--- Recorded information ---

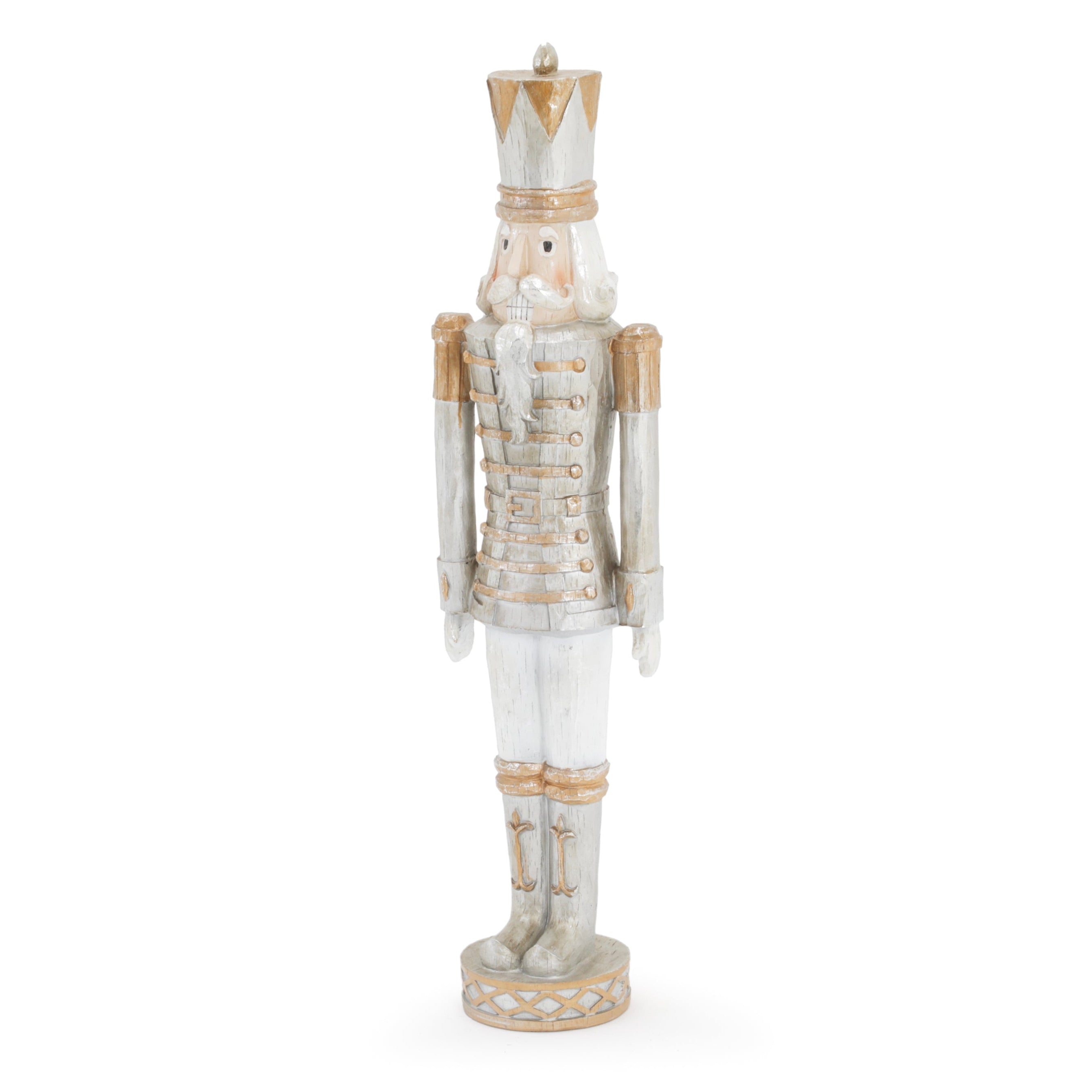 Details: Vintage nutcracker with painted features. Dimensions: 47" H x 12" W x 9" D
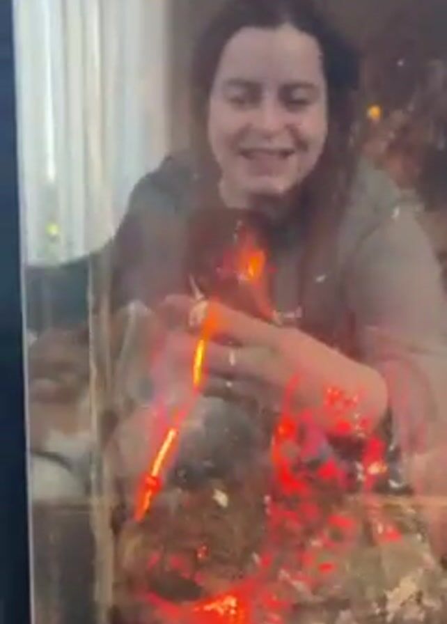 A young woman is sitting and smiling in front of a fireplace. The fire is burning brightly with visible flames and embers. The scene appears to be indoors, possibly in a living room or similar space. The camera angle is positioned so that the fireplace is in the foreground and the woman is slightly blurred in the background.
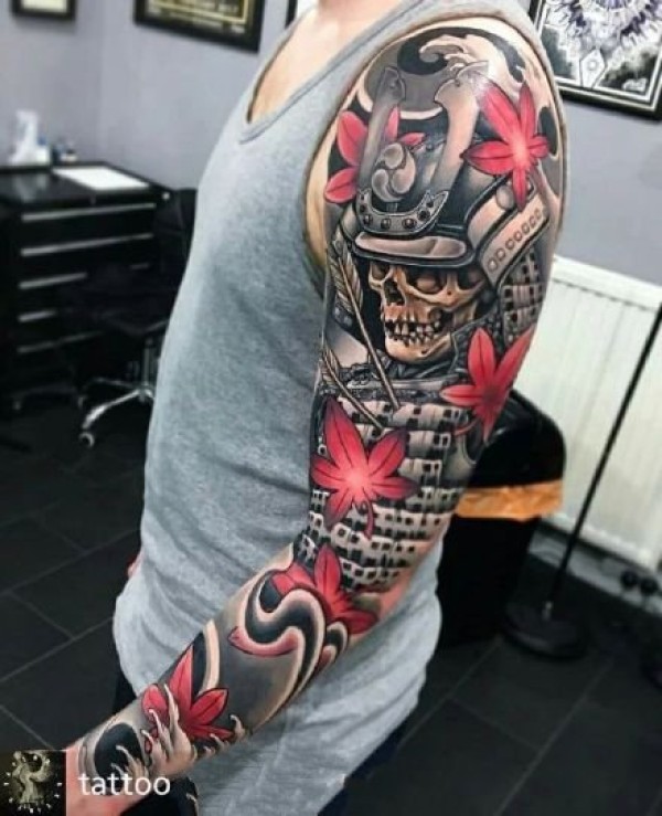 传统风格的一组男性花臂和花腿纹身图案欣赏

---

▸ What the task asks: Leaving each image aside, repeat the listing above exactly.

▸ Reply to the exercise:
 Details: Vintage nutcracker with painted features. Dimensions: 47" H x 12" W x 9" D
 A young woman is sitting and smiling in front of a fireplace. The fire is burning brightly with visible flames and embers. The scene appears to be indoors, possibly in a living room or similar space. The camera angle is positioned so that the fireplace is in the foreground and the woman is slightly blurred in the background.
 传统风格的一组男性花臂和花腿纹身图案欣赏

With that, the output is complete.